I'm fairly new to the whole testing business, and so I'm looking for insight in how to better structure the code or the tests. My goal is to write good tests without a headache.

This is an example of one of our methods and its logical steps in a service that manages a message queue:

• consumeMessages

  • acknowledgePreviouslyDownloadedMessages

  • getNewUnreadMessages

  • addExtraMessages (depending on somewhat complex conditions)

  • markMessagesAsDownloaded

  • serializeMessageObjects

The top-level method is currently exposed in the interface, while all sub-methods are private. As far as I understand it, it would be bad practice to just start testing private methods, as only the public interface should matter.

My first reaction was to just make all the sub-methods public and test them in isolation, then in the top-level method just make sure that it calls the sub-methods. But then a colleague mentioned that it might not be a good idea to expose all those low-level methods at the same level as the other one, as it might cause confusion and other developers might start using when they should be using the top-level one. I can't fault his argument.

So here I am.

How do you reconcile exposing easily testable low-level methods versus avoiding to clutter the interfaces? In our case, the EJB interfaces.

I've read in other unit test questions that one should use dependency injection or follow the single responsibility principle, but I'm having trouble applying it in practice. Would anyone have pointers on how to apply that kind of pattern to the example method above?

Would you recommend other general OO patterns or Java EE patterns?

Answer 1

At first glance, I would say that we probably need to introduce a new class, which would 1) expose public methods that can be unit tested but 2) not be exposed in the public interface of your API.

As an example, let's imagine that you are designing an API for a car. To implement the API, you will need an engine (with complex behavior). You want to fully test your engine, but you don't want to expose details to the clients of the car API (all I know about my car is how to push the start button and how to switch the radio channel).

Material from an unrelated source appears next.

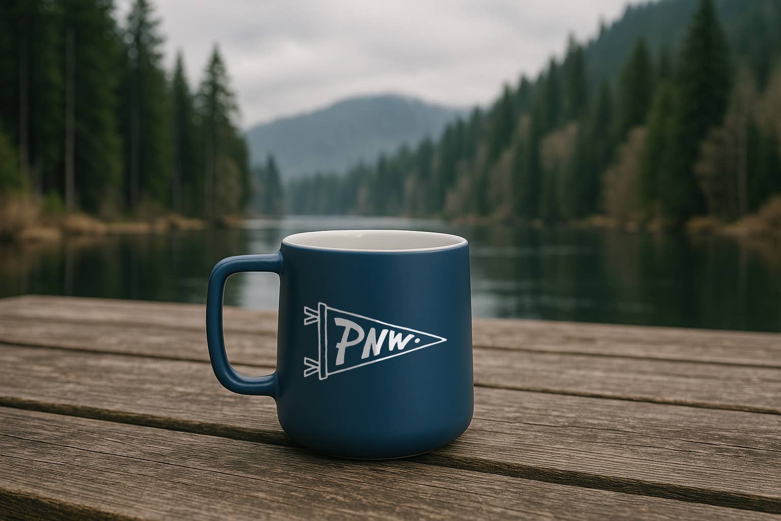 Celebrate Pacific Northwest pride in a small but mighty way with the PNW Pennant Mug. This 12oz steel blue ceramic mug features a hand-drawn pennant design printed in white ink, perfect for espresso shots, small sips, or display. Durable, compact, and full of regional charm.
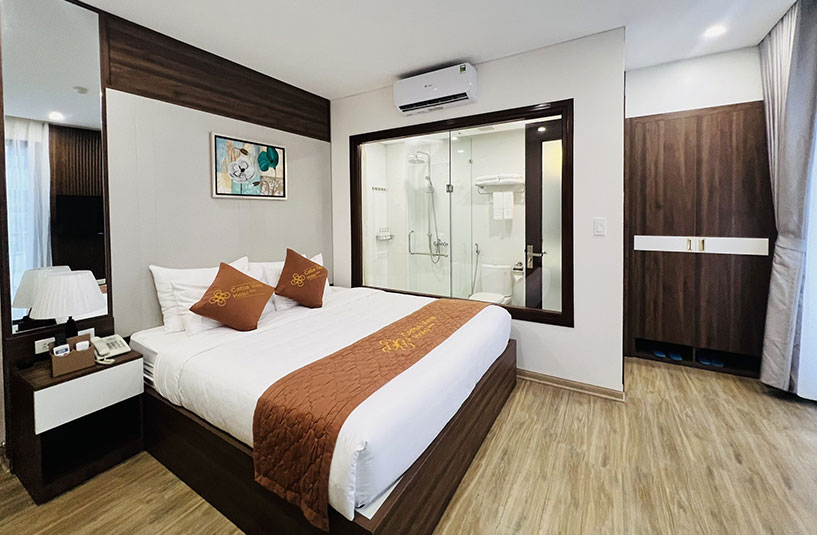 Đặt ý phục vụ và mang lại những đêm nghỉ thoải mái, sảng khoái nhất góp phần tạo nên một chuyến du lịch biển đảo vui nhất cho quý khách. Khách sạn đã thiết kế và trang bị 26 phòng ngủ đủ các tiêu chuẩn châu âu 4* sang trọng, thanh lịch và thoáng mát. Phòng 2 giường đơn hoặc 1 giường lớn cho cặp đôi với 1 bé nhỏ, phòng 2 giường lớn cho 4-5 người cùng nhóm và phòng thông phòng có 3 giường cho đại gia đình 5-6 người. Giá phòng tốt nhất và sự công bằng được cam kết.

In that case, what I would do is something like that:

public class Engine {
  public void doActionOnEngine() {}
  public void doOtherActionOnEngine() {}
}


public class Car {
  private Engine engine;

  // the setter is used for dependency injection
  public void setEngine(Engine engine) {
    this.engine = engine;
  }

  // notice that there is no getter for engine

  public void doActionOnCar() {
    engine.doActionOnEngine();
  }

  public void doOtherActionOnCar() {
    engine.doActionOnEngine();
    engine.doOtherActionOnEngine(),
  }
}

For the people using the Car API, there is no way to access the engine directly, so there is no risk to do harm. On the other hand, it is possible to fully unit test the engine.

Answer 2

Dependency Injection (DI) and Single Responsibility Principle (SRP) are highly related.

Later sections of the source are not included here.